Wednesday, December 31, 2008

The going price of home

I'm moving to Boston next week and am cleaning out my current place. I came across a car rental map of the Bay Area from a visit I made back in Feb. of this year. It was for a job interview, which lead to a job offer that I ultimately declined. It was a difficult decision. I really, really wanted to move back West. But the job, while I would have been good at it, I felt I would eventually outgrow. Yet, I came this close to moving back West.

In academia until you get established professionally you tend to live a nomadic life. In the 8 years since I've graduated from college I've lived in the following places: California, Arizona, Wisconsin, and New York. But its difficult to make geographic preference a high priority because it can limit your job prospects. And you kinda just have to go where opportunities are. But I've met some really great people at all the places I've been and I'm sure to meet a lot more when I start my PhD in Boston. But on this New Year's Eve day when its been snowing off and on all day with a biting wind, I wish I was back in Phoenix eating oranges from my parents backyard citrus tree bathed in warm December sunshine.

Sunday, December 28, 2008

I'm going to be spending alot of time on Google maps

So I'm moving to Boston next week. I go from being a country mouse to a city mouse.
I'm a little nervous because streets in Boston go every which way. My friend who lives there said the way he got familiar with it was he would look up places he need to go on Google maps and commit it to memory. The more places he went, the quicker he got familiar with the area. I think I'm going to do the same.

Friday, December 19, 2008

Quietly walked away

Today was my last day at Cornell. Besides my stint in undergrad, this was the longest I had stayed in any one place for work or school in the past several years. Initially, when I arrived I was like how did I decide to come to such a podunk town. But in the past year, in particular the town grew on me. And I really enjoyed the University atmosphere. There was a big snowstorm today and many people didn't show to work or left early, so it was very quiet. When I finally logged off my computer for the last time, it finally hit me that my time here was over. But it was time to move on in my career, so here I go to grad school to earn that PhD I seemed destined to get. I just took the long way around to get here.

Tuesday, December 16, 2008

Rediscovering my feel for the water

My time at Cornell is winding down and I'm feeling a bit sentimental about a lot of things, but one thing in particular. Fall of 2006 I took a swim class through the employee Wellness program. I hadn't *touched* the water in 8 years. Not even a flip turn. But I guess swimming is like riding a bike. Once you learn, you never forget. After the six week class was over, I got into a good swim routine, doing workouts any where from 2-4 times a week. Over the past two years I'm sure I've swam several hundred thousand yards. I met some new people in the process. Out of the pool I spent far too long on YouTube looking at racing clips and technique of Ian Thorpe, Grant Hackett, Michael Phelps, Natalie Coughlin, and Brendan Hansen to name a few. And this semester I met some hard core swimmers and finally had enough pool time to do some intense workouts (at least 3500-3800 yards) The best part of swimming for me though is when I push off the wall in a streamline position. I feel the water flow past my 6'7'' frame dnd even though its maybe only a few seconds I'm in a streamline off the wall, all my troubles go away and I'm just a part of the water. I missed that feeling and I'm glad I re-discovered it in of all places at an indoor pool in the middle of rural New York at a University I'm going to miss for a lot of reasons.

Monday, December 8, 2008

GWAS and Missing Heritability

I read pretty good overview of a set of papers in at Nature Genetics advanced online publication about genomewide association studies for several metabolic traits at the ScienceBlog Genetic Future . I agree that the papers are based on *huge* amount of data - one used over 20,0000 individuals to SNP genotype.
As a person who is in the trenches with genome wide data on a daily basis, I can definitely appreciate how far the scale of GWAS has increased in the past few years.

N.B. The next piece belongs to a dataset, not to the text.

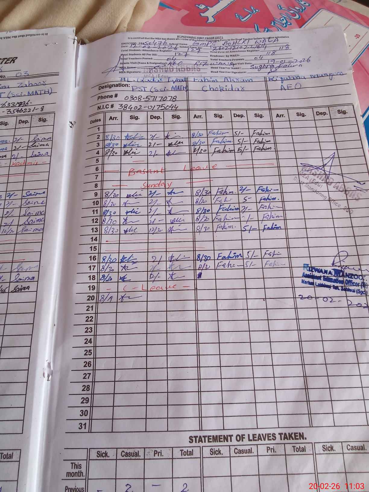 | Name: SU**** FA**** Designation: (School Headmaster's/Headmistress's) PST Phone/Cell Number: 03**** |

But if you look at the bar chart in the blog post above showing what percentage of variance the SNPs explain, its six percent or less. These results again highlight the case of missing heritability . Currently, most GWAS studies use SNP genotyping arrays which type common variants segregating in the population. But as a soon to be graduate student in next-generation sequencing informatics, I think within the next 5 years you will see large scale GWAS using sequence data from sequence capture arrays and whole genome runs that will survey the entire spectrum of variants common and rare. And hopefully some of that missing variance will be uncovered.

Tuesday, December 2, 2008

Phelps interview


Watch CBS Videos Online

Around 3:22 in the interview - 10,000M for time? On a good week, I do 10,000 in 3 or 4 sessions. He seems so laid back in the interview, I'm still not sure if I appreciate how competitive this guy is. He deserves every accolade and financial award from his historic Olympic performance. Lets hope he shows just as much drive when he returns to training in January because I want him to kick some ass at the FINA World Championships in Rome in 2009.